── DATA FOR THE TASK
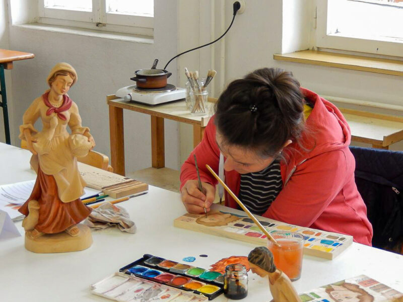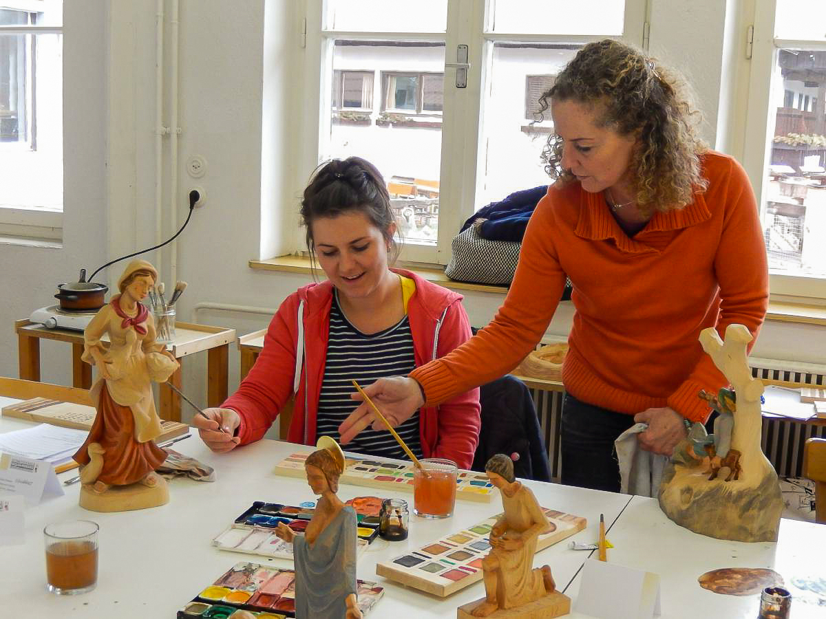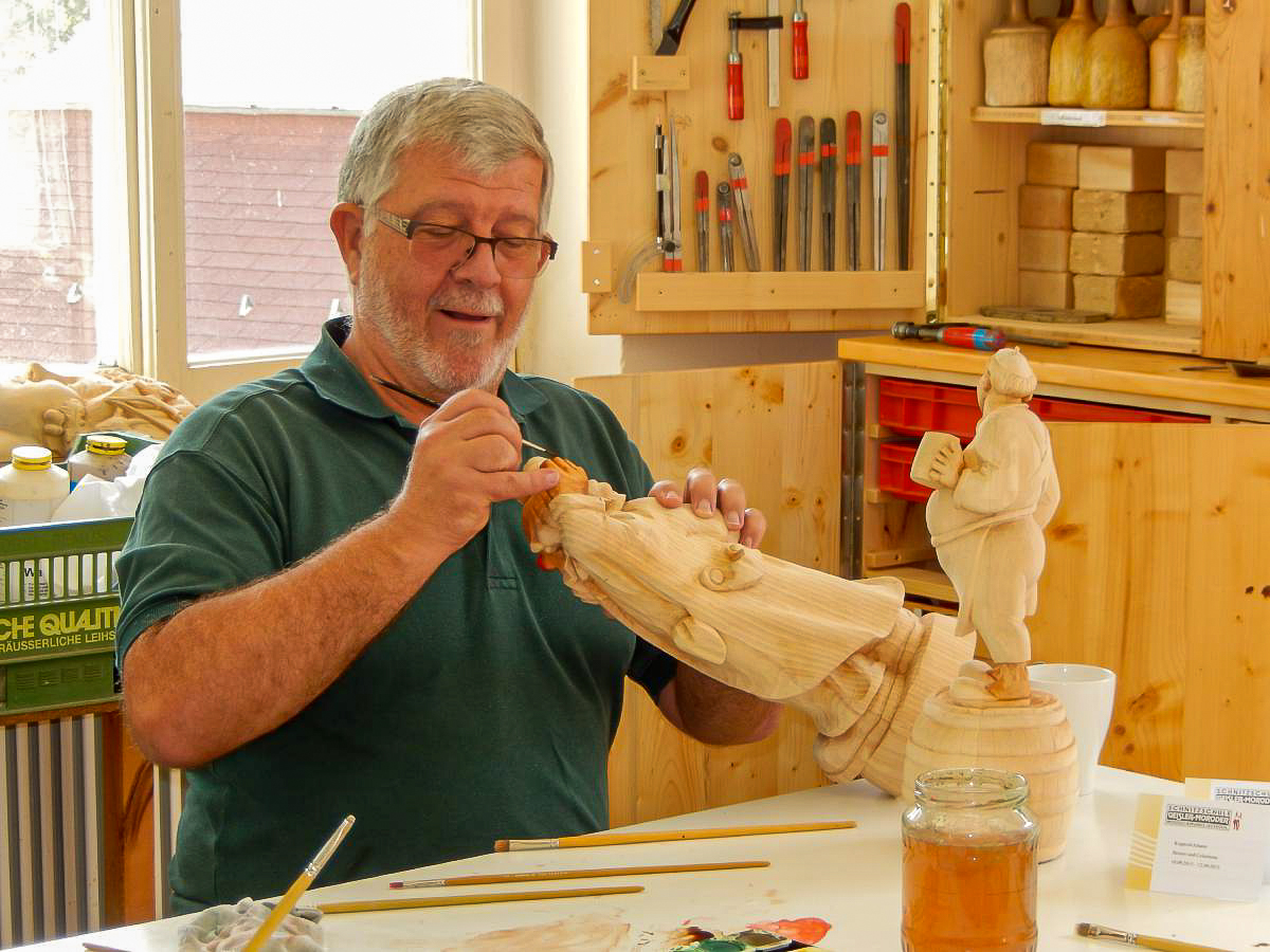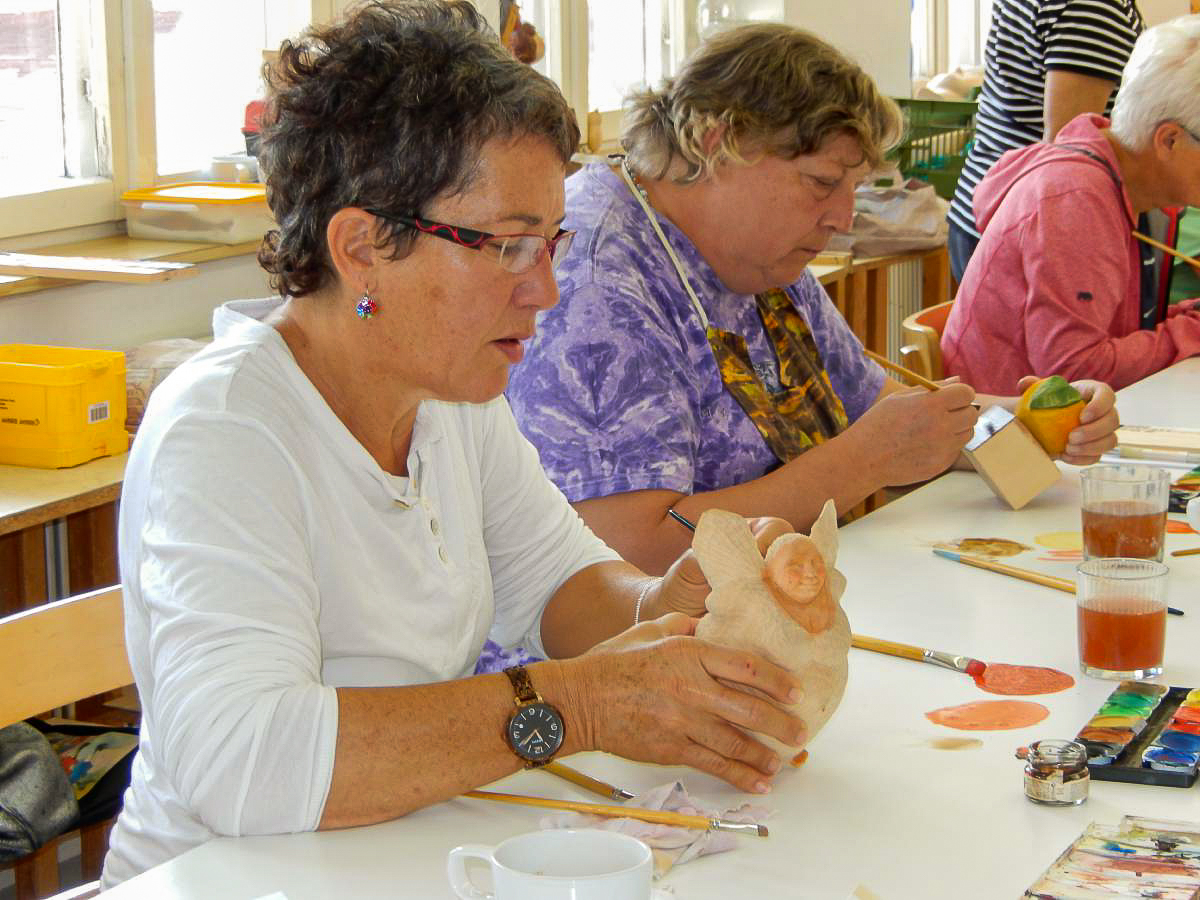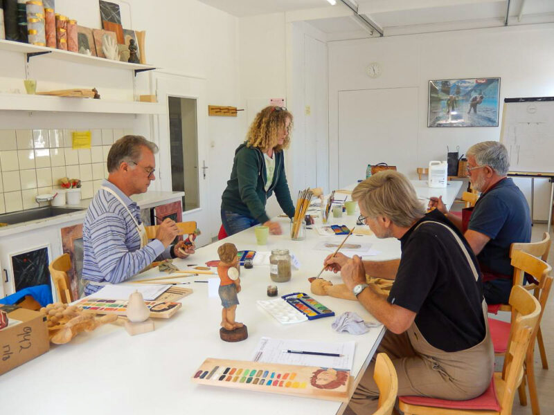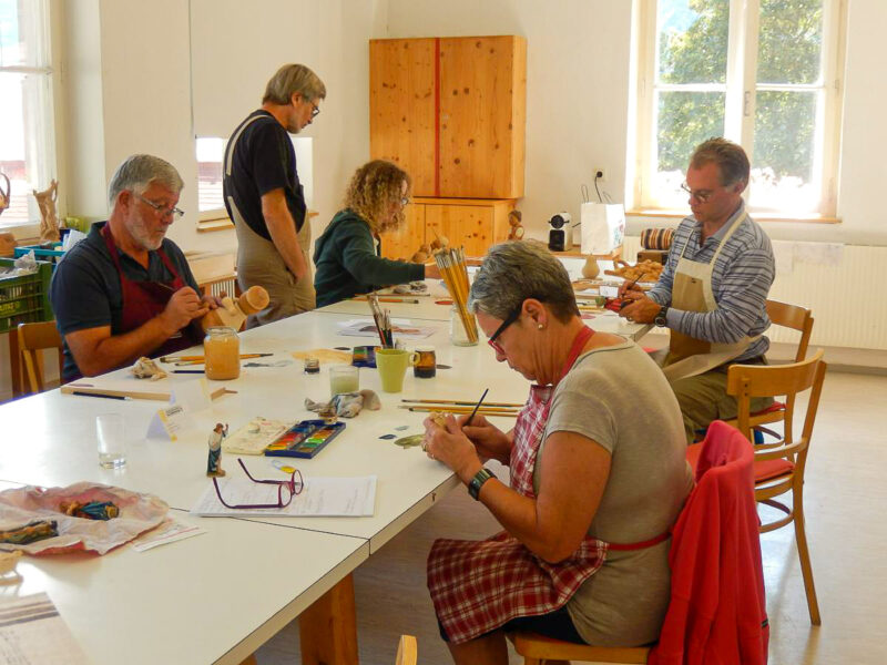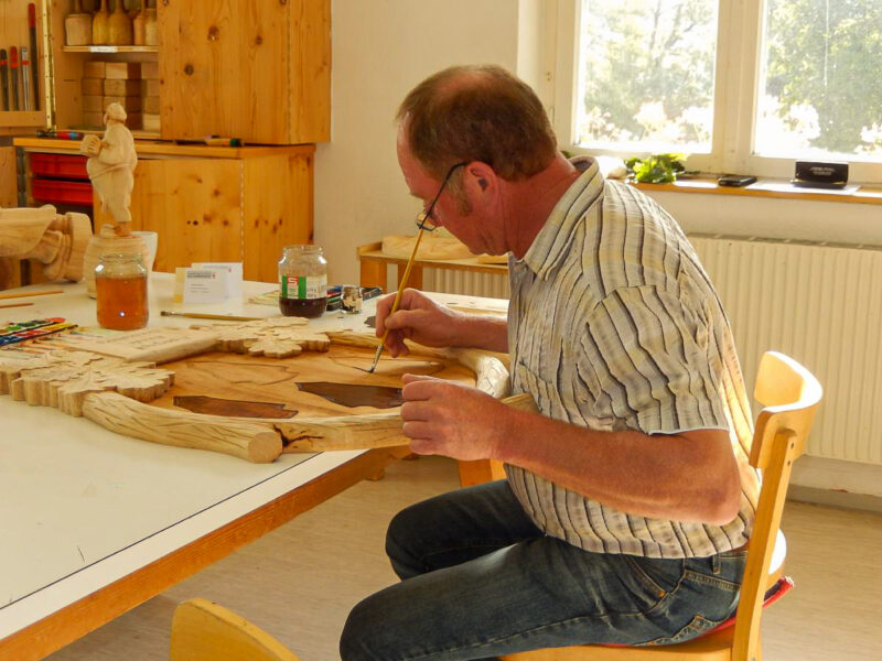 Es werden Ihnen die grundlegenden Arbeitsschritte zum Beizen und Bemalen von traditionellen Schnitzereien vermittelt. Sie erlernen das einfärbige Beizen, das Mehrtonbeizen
────
── DATA FOR THE TASK
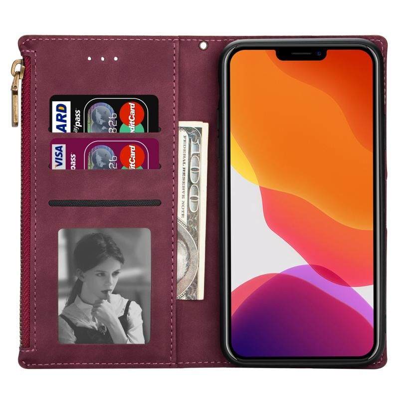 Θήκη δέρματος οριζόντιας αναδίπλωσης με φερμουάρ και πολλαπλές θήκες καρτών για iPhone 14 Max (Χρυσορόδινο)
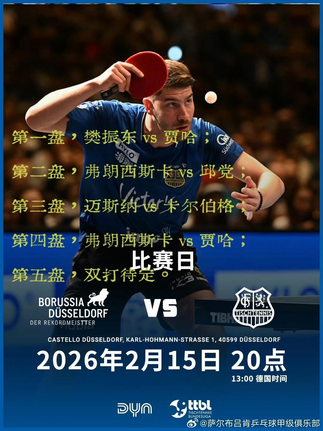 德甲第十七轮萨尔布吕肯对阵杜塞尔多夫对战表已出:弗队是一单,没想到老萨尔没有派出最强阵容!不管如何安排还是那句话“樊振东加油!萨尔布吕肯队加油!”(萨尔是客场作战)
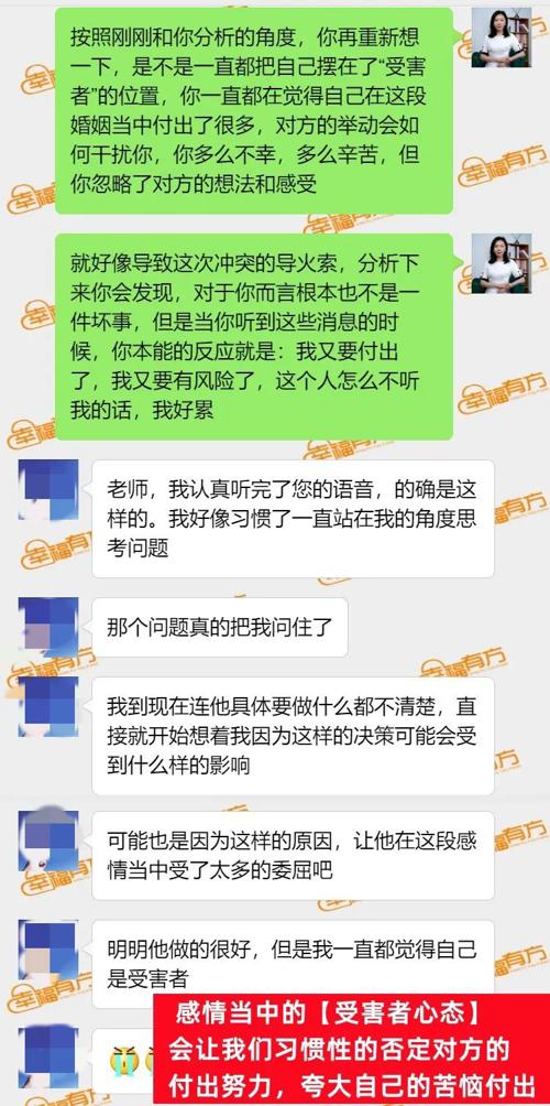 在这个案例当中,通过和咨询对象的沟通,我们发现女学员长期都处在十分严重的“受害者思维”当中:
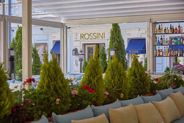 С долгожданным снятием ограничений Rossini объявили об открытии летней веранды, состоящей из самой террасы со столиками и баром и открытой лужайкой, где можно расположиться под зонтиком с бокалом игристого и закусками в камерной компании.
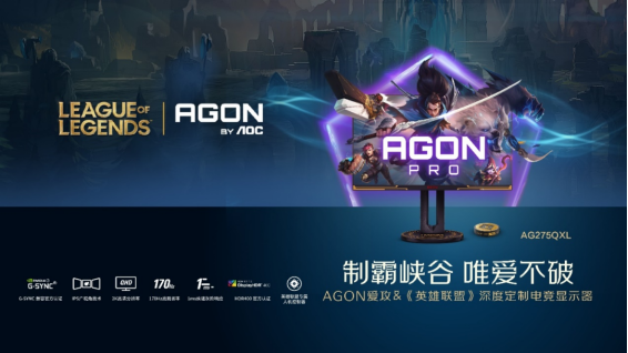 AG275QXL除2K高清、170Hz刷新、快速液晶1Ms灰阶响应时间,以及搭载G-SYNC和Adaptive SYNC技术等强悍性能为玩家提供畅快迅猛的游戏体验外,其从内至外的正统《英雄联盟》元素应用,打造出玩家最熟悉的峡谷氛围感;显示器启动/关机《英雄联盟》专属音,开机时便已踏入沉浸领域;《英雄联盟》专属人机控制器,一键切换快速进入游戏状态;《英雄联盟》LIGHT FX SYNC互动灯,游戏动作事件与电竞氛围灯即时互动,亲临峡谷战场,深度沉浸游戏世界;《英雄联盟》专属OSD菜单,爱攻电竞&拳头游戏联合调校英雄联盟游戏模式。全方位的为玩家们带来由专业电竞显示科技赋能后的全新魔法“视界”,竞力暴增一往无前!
────
── DATA FOR THE TASK
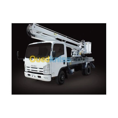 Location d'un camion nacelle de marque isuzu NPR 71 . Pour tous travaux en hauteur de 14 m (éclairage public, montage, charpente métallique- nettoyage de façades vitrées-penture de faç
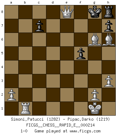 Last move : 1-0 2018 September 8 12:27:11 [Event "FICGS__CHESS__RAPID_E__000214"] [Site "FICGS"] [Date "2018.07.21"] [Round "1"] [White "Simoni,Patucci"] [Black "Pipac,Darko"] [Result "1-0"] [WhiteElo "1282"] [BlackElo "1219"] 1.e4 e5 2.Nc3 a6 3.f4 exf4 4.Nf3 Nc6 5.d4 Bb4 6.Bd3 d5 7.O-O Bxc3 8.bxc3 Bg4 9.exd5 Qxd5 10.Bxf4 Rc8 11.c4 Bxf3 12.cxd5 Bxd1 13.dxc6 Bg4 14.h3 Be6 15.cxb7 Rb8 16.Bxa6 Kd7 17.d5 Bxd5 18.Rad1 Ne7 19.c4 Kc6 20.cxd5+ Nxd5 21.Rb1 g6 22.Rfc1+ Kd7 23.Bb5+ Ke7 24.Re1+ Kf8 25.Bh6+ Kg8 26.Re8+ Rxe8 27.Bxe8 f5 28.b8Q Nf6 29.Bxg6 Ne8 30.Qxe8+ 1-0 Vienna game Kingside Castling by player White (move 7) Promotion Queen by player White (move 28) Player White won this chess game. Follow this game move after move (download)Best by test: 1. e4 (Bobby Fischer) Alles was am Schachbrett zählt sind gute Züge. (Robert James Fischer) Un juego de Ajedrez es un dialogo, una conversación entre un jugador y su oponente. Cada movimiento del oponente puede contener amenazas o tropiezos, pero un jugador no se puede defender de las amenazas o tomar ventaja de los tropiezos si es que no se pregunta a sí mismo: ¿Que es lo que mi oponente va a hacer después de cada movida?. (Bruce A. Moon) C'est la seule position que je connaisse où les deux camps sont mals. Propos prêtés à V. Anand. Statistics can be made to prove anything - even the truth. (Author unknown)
────
> **WORK TASK**
Copy word for word the lines above, starting at the line containing "德甲第十七轮萨尔布吕肯对阵杜" and ending at the line containing "С долгожданным снятием", inclusive, with no pictures.

> **ANSWER SPACE**
 德甲第十七轮萨尔布吕肯对阵杜塞尔多夫对战表已出:弗队是一单,没想到老萨尔没有派出最强阵容!不管如何安排还是那句话“樊振东加油!萨尔布吕肯队加油!”(萨尔是客场作战)
 在这个案例当中,通过和咨询对象的沟通,我们发现女学员长期都处在十分严重的“受害者思维”当中:
 С долгожданным снятием ограничений Rossini объявили об открытии летней веранды, состоящей из самой террасы со столиками и баром и открытой лужайкой, где можно расположиться под зонтиком с бокалом игристого и закусками в камерной компании.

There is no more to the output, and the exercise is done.